Population & Sampling

What are the different types of data?

  • Primary data is data that has been collected by the person carrying out the research
    • This could be through questionnaires, surveys, experiments etc 
  • Secondary data is data that has been collected previously
    • This could be found on the internet or through other research sources
  • Qualitative data is data that is usually given in words not numbers to describe something
    • For example: the colour of a teacher's car
  • Quantitative data is data that is given using numbers which counts or measures something
    • For example: the number of pets that a student has
  • Discrete data is quantitative data that needs to be counted
    • Discrete data can only take specific values from a set of (usually finite) values
    • For example: the number of times a coin is flipped until a ‘tails’ is obtained
  • Continuous data is quantitative data that needs to be measured
    • Continuous data can take any value within a range of infinite values
    • For example: the height of a student
  • Age can be discrete or continuous depending on the context or how it is defined
    • If you mean how many years old a person is then this is discrete
    • If you mean how long a person has been alive then this is continuous

What is a population?

  • population refers to the whole set of things which you are interested in
    • e.g.  if a teacher wanted to know how long pupils in year 11 at their school spent revising each week then the population would be all the year 11 pupils at the school
  • Population does not necessarily refer to a number of people or animals
    • e.g.  if an IT expert wanted to investigate the speed of mobile phones then the population would be all the different makes and models of mobile phones in the world

What is a sample?

  • A sample refers to a selected part (called a subset) of the population which is used to collect data from
    • e.g.  for the teacher investigating year 11 revision times a sample would be a certain number of pupils from year 11
  • random sample is where every item in the population has an equal chance of being selected
    • e.g.  every pupil in year 11 would have the same chance of being selected for the teacher's sample
  • A biased sample is where the sample is not random
    • e.g.  the teacher asks pupils from just one class

What are the advantages and disadvantages of using a population?

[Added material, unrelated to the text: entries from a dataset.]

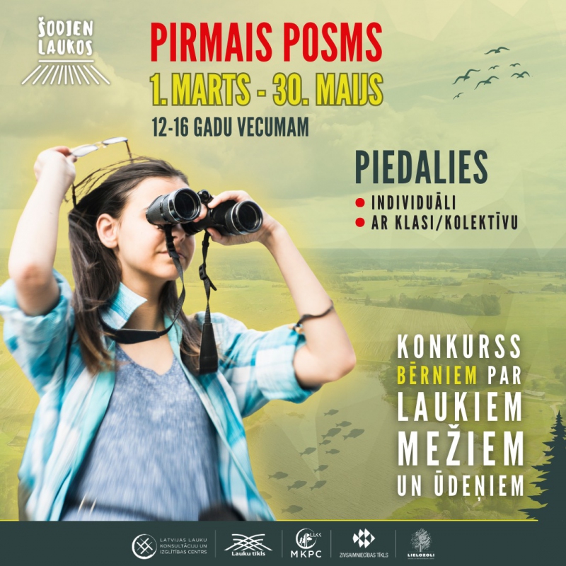Jau devīto gadu skolu jauniešus un bērnudārzu audzēkņus iepazīt laukus, mežus un ūdeņus aicina konkurss “Šodien laukos”, ko organizē Latvijas Lauku konsultāciju un izglītības centrs (LLKC).
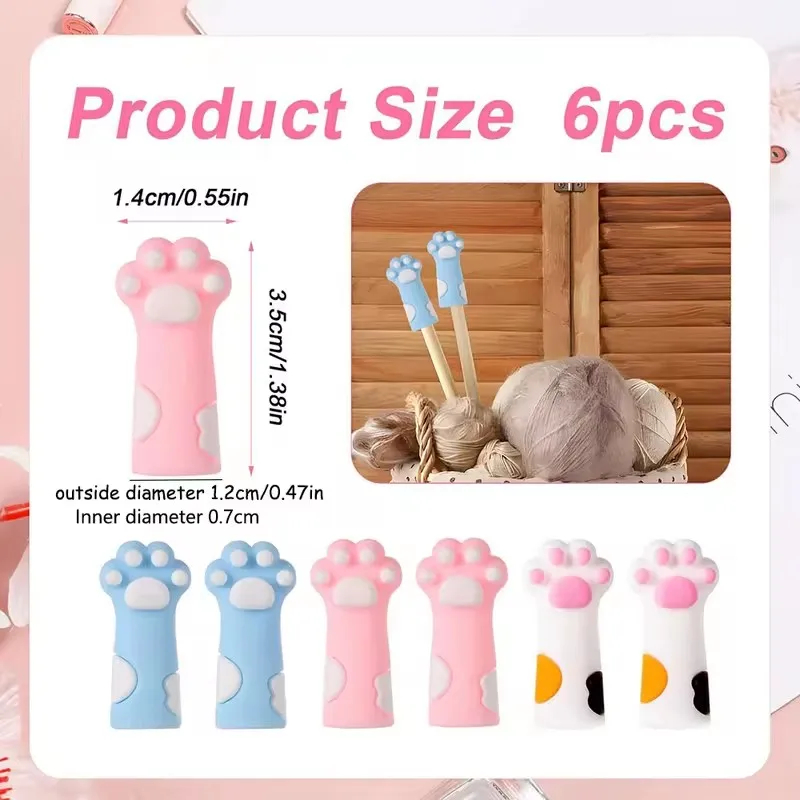 6Pcs Cute Cat Paw Knitting Needle Stoppers – Silicone Protectors for DIY Sewing
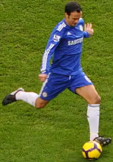 Carvalho continued his excellent form into the 2007–08 season. Following the departure of manager José Mourinho,[36] the Spanish champions, Real Madrid, have once again expressed their interest in Carvalho. A Madrid source said, "We have never been able to get Carvalho because of his connection with Mourinho. Now he has left Chelsea, we feel there's a real chance."[37] But the Portuguese did not leave the English club. On 26 December 2007, in a 4–4 home draw against Aston Villa, on the 79th minute, the home side were outmanoeuvred in the middle of the field leaving only goalkeeper Petr Čech and Carvalho between Villa's striker, Gabriel Agbonlahor, and the goal, Carvalho attempted the block, went in two-footed and was red carded for the foul,[38] in the same night, he issued a public apology for his horror tackle on the forward.[39] In that season, Carvalho was one of the most consistent performers at the club and his efforts were rewarded when he scored his first goal of the season in his 150th appearance for the club, a 1–0 Premier League victory over Middlesbrough.[40][41] Later, on 26 April, Carvalho made his 100th appearance in the Premier League against Manchester United, despite Chelsea's 2–1 win, he marred his centenary mark with an error that allowed Wayne Rooney to equalise.[42] His solid performances in the Champions League helped the club reach the final, Chelsea's first ever Champions League final appearance and Carvalho's second. The Blues, however, lost 6–5 on penalties against Manchester United after a 1–1 draw following extra time. Carvalho played in all 120 minutes and he was booked one time for a high challenge on Cristiano Ronaldo right before the end of first half.[43] On 8 May 2008, Carvalho was voted by his fellow Chelsea colleagues as Chelsea's "Players Player of the Year", while finishing in the top three for Chelsea's "Player of the Year" award voted by Chelsea fans, along with Michael Ballack and Joe Cole.[44]
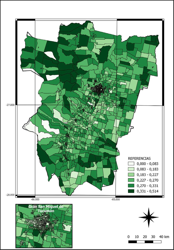 Tomando como fuente de información las bases del Censo Nacional de Población, Hogares y Viviendas del año 2010, pretendemos una aproximación a partir de las siguientes variables a la vulnerabilidad alimentaria en Tucumán. Cada una de las variables seleccionadas tuvo un peso ponderal específico en la sumatoria que da lugar al IVAL (Tabla 1). Este tipo de agrupación fue una forma de organización óptima de la información de acuerdo con la similitud existente entre las variables y la finalidad del indicador. No obstante, la escala de análisis y el uso de un enfoque ecológico2 impiden atender a dichas particularidades. Proponemos, por tanto, utilizar el IVAL como una herramienta de aproximación a la distribución espacial del problema y la identificación de diferentes territorios.
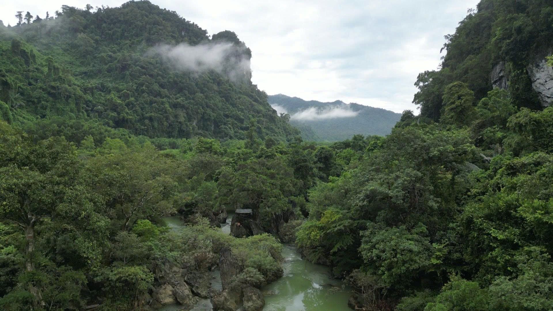 Phía xa là động Hang Tiên, với vòm hang cao 30m, thạch nhũ lấp lánh – biểu tượng tự nhiên của Cao Quảng trước đây nay là xã Tuyên Hóa, tỉnh Quảng Trị, được người dân ví như “trái tim rừng Trường Sơn”.
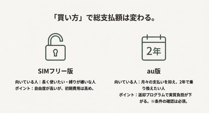 SIMフリーは「端末を素直に買う」イメージで、キャリア(au版)は「分割+プログラム+割引」で実質負担が下がるケースが多いです。
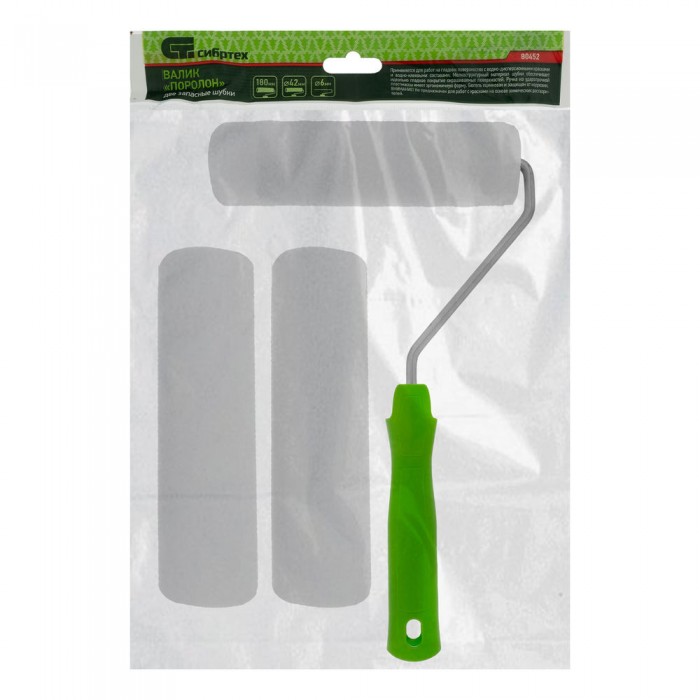 Валик "Поролон" с ручкой и 2 шубки 180 мм, D 42 мм D ручки 6 мм Сибртех (80452)

  • You may see or hear the word census - this is when data is collected from every member of the whole population
  • The advantages of using a population
    • Accurate results - as every member/item of the population is used
      • In reality it would be close to every member for practical reasons
    • All options/opinions/responses will be included in the results
  • The disadvantages of using a population
    • Time consuming to collect the data
    • Expensive due to the large numbers involved
    • Large amounts of data to organise and analyse

What are the advantages and disadvantages of using a sample? 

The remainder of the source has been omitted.